Key Summary:
- Teplizumab (Tzield) becomes the UK’s first approved immunotherapy for type 1 diabetes
- Delays progression from Stage 2 to Stage 3 T1D by about three years in patients aged 8+
- 14-day daily IV infusion; safety and effectiveness will be continuously monitored
The Medicines and Healthcare products Regulatory Agency (MHRA) has approved Teplizumab, an immunotherapy for type 1 diabetes.
Teplizumab (Tzield) helps delay the onset of Stage 3 type 1 diabetes (T1D) by an average of three years in adults and children aged eight years and older with Stage 2 T1D.
Teplizumab is administered through intravenous infusion – once in a day for 14 days.
This is the UK’s first-ever approved immunotherapy to treat type 1 diabetes, and this medicine has been approved through the International Recognition Procedure (IRP), which allows the MHRA to take into account the expertise and decision-making of trusted regulatory partners for the benefit of UK patients.
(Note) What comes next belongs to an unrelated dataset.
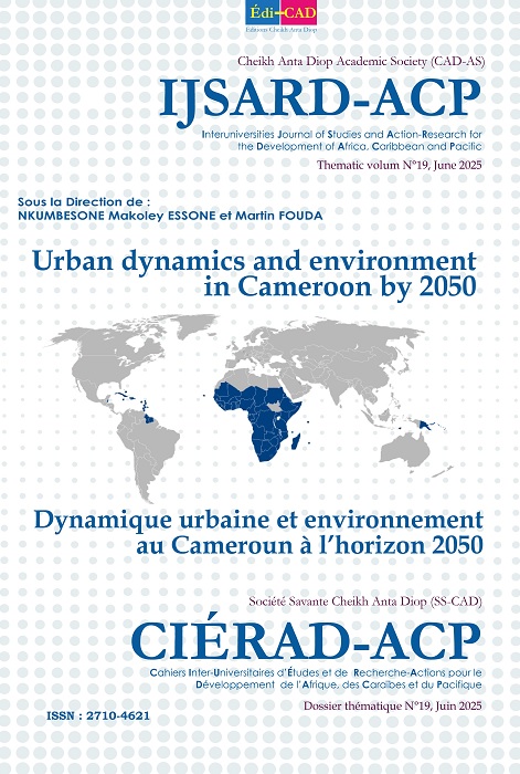 This special thematic edition of CIERAD-ACP examines the evolution of urban space and its environmental implications in Cameroon by the year 2050. Can we have sustainable environment cities? The edition. focuses on demographic shifts, functional transformation, spatial expansion, and government interventions analyzing how these factors reshape urban form and environmental resilience and how these environmental factors affect the urban sphere. The works address planning and governance challenges, documenting the emergence of urban inequalities, resource stress, and ecological disruptions. As these indicators keep changing, spatial signatures are seen on and in the urban environmental space. These shock waves shall be seen on the environmental fabric of most of our cities by 2050. Through this lens, the book investigates the evolution of the dynamic interaction between rapid urbanization and environmental dynamics and to see how Cameroonian cities should be Sustainably managed- green cities by 2050.

During the Stage 3 type 1 diabetes, patients begin to experience blood sugar problems and are diagnosed with the condition, which often requires lifelong insulin treatment.
Teplizumab is used in people with Stage 2 T1D, which is an earlier stage of the disease where individuals are at high risk of progressing to Stage 3.
To ensure patient safety, the MHRA will continue to review the safety and effectiveness of teplizumab.